WORK REQUIRED:
Copy, exactly as written, the lines that begin at the one containing "意味不明あだ名 | 『自称こもりりょう』 |" and end at the one containing "幸福工程精准帮扶项目飞鸾镇抓". Skip any pictures in the data below.

*** Opening of RECORDS FOR THE TASK ***

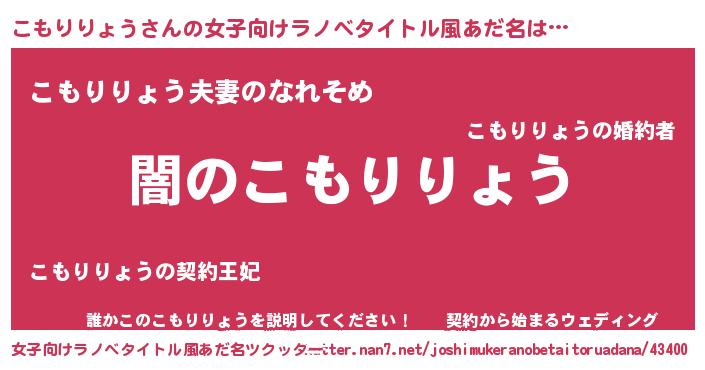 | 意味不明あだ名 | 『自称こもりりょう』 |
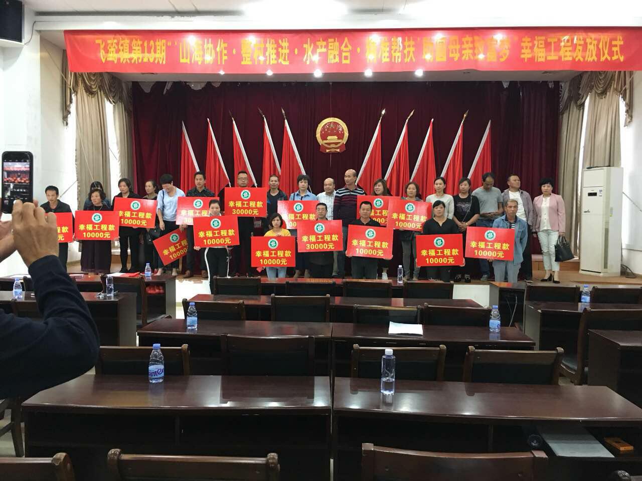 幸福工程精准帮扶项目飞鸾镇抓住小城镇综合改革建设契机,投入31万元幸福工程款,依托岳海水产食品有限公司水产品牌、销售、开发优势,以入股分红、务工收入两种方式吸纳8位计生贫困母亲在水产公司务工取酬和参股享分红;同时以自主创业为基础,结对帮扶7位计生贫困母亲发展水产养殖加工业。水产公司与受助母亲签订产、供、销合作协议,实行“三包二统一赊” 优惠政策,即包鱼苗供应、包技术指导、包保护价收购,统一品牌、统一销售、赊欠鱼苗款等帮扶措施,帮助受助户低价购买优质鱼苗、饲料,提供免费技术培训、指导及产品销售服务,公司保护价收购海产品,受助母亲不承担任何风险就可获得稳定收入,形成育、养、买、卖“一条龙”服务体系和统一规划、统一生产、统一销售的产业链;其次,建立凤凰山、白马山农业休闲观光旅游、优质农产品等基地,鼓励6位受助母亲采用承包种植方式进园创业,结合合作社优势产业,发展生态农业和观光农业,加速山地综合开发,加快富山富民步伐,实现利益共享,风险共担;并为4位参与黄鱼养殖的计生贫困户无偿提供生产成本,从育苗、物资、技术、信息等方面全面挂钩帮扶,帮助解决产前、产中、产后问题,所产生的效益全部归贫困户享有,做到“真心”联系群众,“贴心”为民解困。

*** Close of RECORDS FOR THE TASK ***
*** Opening of RECORDS FOR THE TASK ***

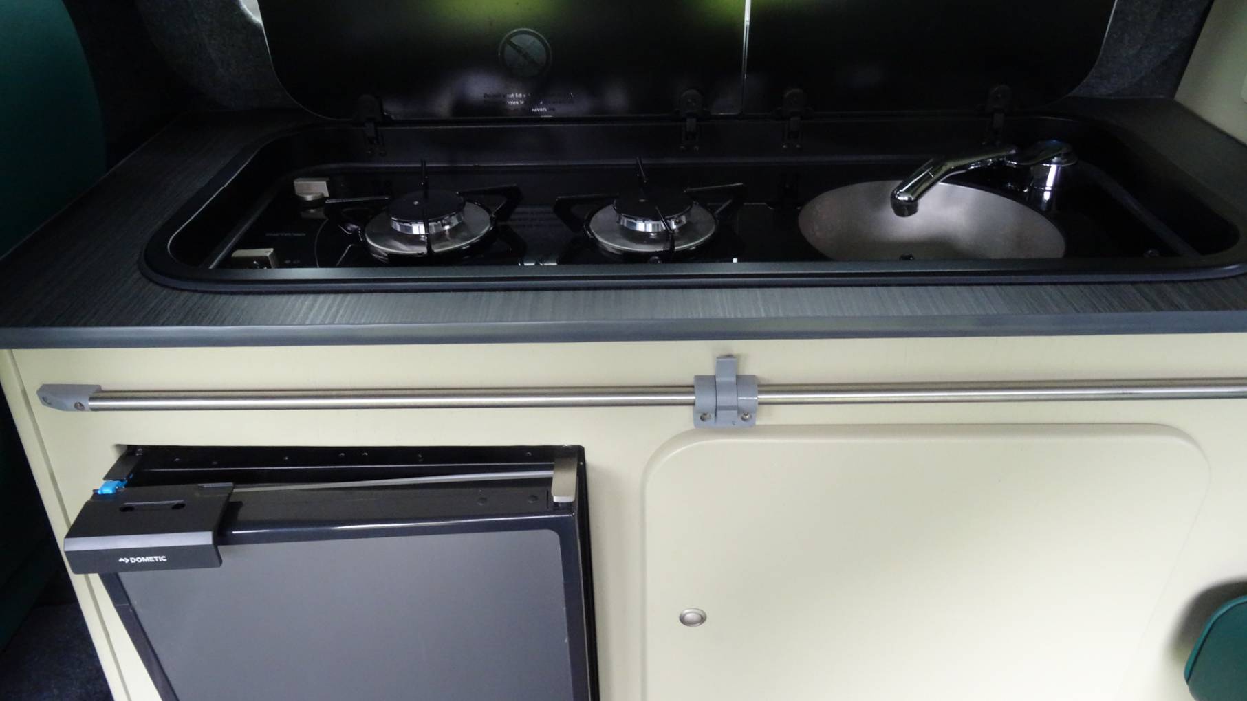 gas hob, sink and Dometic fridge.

*** Close of RECORDS FOR THE TASK ***

WRITTEN RESPONSE:
 | 意味不明あだ名 | 『自称こもりりょう』 |
 幸福工程精准帮扶项目飞鸾镇抓住小城镇综合改革建设契机,投入31万元幸福工程款,依托岳海水产食品有限公司水产品牌、销售、开发优势,以入股分红、务工收入两种方式吸纳8位计生贫困母亲在水产公司务工取酬和参股享分红;同时以自主创业为基础,结对帮扶7位计生贫困母亲发展水产养殖加工业。水产公司与受助母亲签订产、供、销合作协议,实行“三包二统一赊” 优惠政策,即包鱼苗供应、包技术指导、包保护价收购,统一品牌、统一销售、赊欠鱼苗款等帮扶措施,帮助受助户低价购买优质鱼苗、饲料,提供免费技术培训、指导及产品销售服务,公司保护价收购海产品,受助母亲不承担任何风险就可获得稳定收入,形成育、养、买、卖“一条龙”服务体系和统一规划、统一生产、统一销售的产业链;其次,建立凤凰山、白马山农业休闲观光旅游、优质农产品等基地,鼓励6位受助母亲采用承包种植方式进园创业,结合合作社优势产业,发展生态农业和观光农业,加速山地综合开发,加快富山富民步伐,实现利益共享,风险共担;并为4位参与黄鱼养殖的计生贫困户无偿提供生产成本,从育苗、物资、技术、信息等方面全面挂钩帮扶,帮助解决产前、产中、产后问题,所产生的效益全部归贫困户享有,做到“真心”联系群众,“贴心”为民解困。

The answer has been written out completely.